Trigger Usage - Database

Trigger Usage - Scheduled

Identifier Usage

Setup

The following guide will show you the basics of how to set up the cipher database on a local computer or a cloud hosted machine. Additional instructions are provided for modifying the functionality of the database to account for different drug discovery project.

Requirements

Flask==2.0.1
Flask_API==3.0.post1
Flask_Login==0.5.0
flask_mongoengine==1.0.0
Flask_PyMongo==2.3.0
Flask_RESTful==0.3.9
Flask_SSLify==0.1.5
mongoengine==0.23.1
pymongo==3.11.4

Note that this is just a basic list of requirements for general database interaction. To download all of the required packages and set up external modules correctly, please create a conda environment from the cipher_db_env.yml file and then navigate over to the specific module page for additional setup instructions

Installation

1. conda env create -f env.yml
2. pip install -e .
3. (optional) install additional requirements for development or deployment: pip install -e .[OPTION] --upgrade

possible values for OPTION:

• dev: for general development purposes (linting, testing, etc.)
• reactivity: for reactivity trigger deployment

Database Deployment

The CIPHER database is currently implemented using the MongoDB database architecture. While it is possible to transfer the data storage mechanism to a different non-relational or relational database architecture, this guide will cover how to set up, maintain, and expand the data storage mechanism in Mongo DB. Please note that there are two potential options for setting up MongoDB, locally hosted and cloud hosted. The MongoDB version which was during development and testing is v5.0.9 and the storage was cloud hosted, via Microsoft Azure using the M2 (General) Tier.
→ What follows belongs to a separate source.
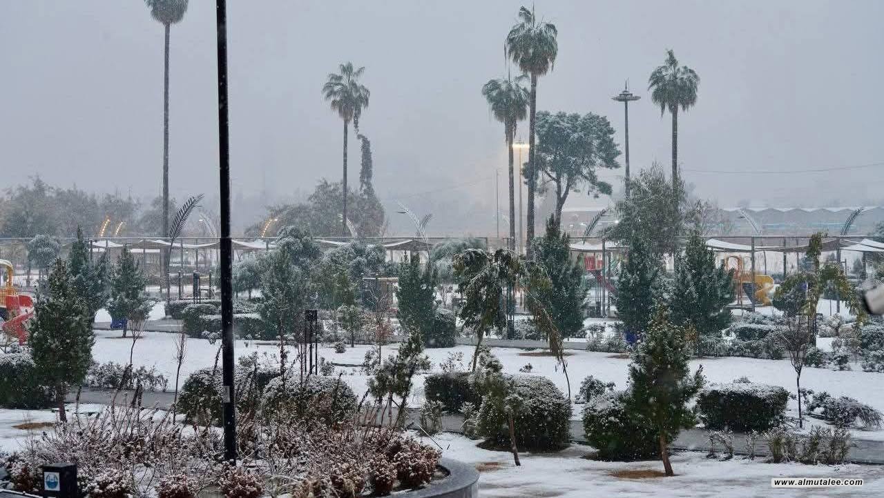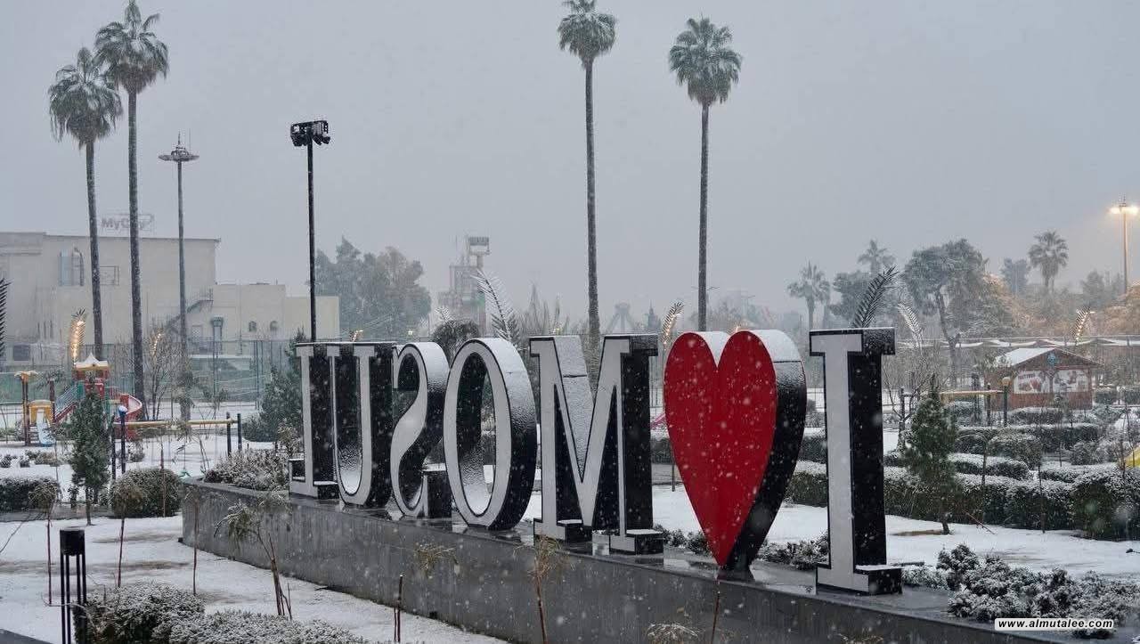 كما شهدت مدينة الموصل لقطات متداولة تظهر تغطية المدينة بطبقات كثيفة من الثلج، ما أضفى منظرًا شتويًا على الشوارع والمناطق العامة.

Database Setup - Cloud Hosted

To set up MongoDB with a cloud hosted database, please follow the instructions on how to set up a cloud hosted database using MongoDB Atlas. You will need to create a database account prior to attempting to access the database. Please note that database permissions are handled on MongoDB Atlas, so if you wish to grant certain users certain permissions you would do so here. Additionally, not all features may work properly if the account used does not have the appropriate privileges. The accounts used during development and testing had readWriteAnyDatabase permissions with access to all resources.

From here, you will need the obtain the MongoDB URI to connect to the cloud hosted database on the atlas cluster. After obtaining the MongoDB URI, you will need to set up an environment variable on your local machine which contains the MongoDB application driver with the appropriate username and password. There are two URI's which you can set, one is for a production database and the other is for a testing database. You can create a bash script with the following lines of code to set both URI's easily:

export MONGO_URI='(URI for Development Database)'
export TESTING_URI='(URI for Testing Database)'

Note: This script should be run with the source command if not running the corresponding python scripts in the same bash script as not doing so would only assign the environment variables in the subshell

From here, your database should be appropriately set up and ready to use.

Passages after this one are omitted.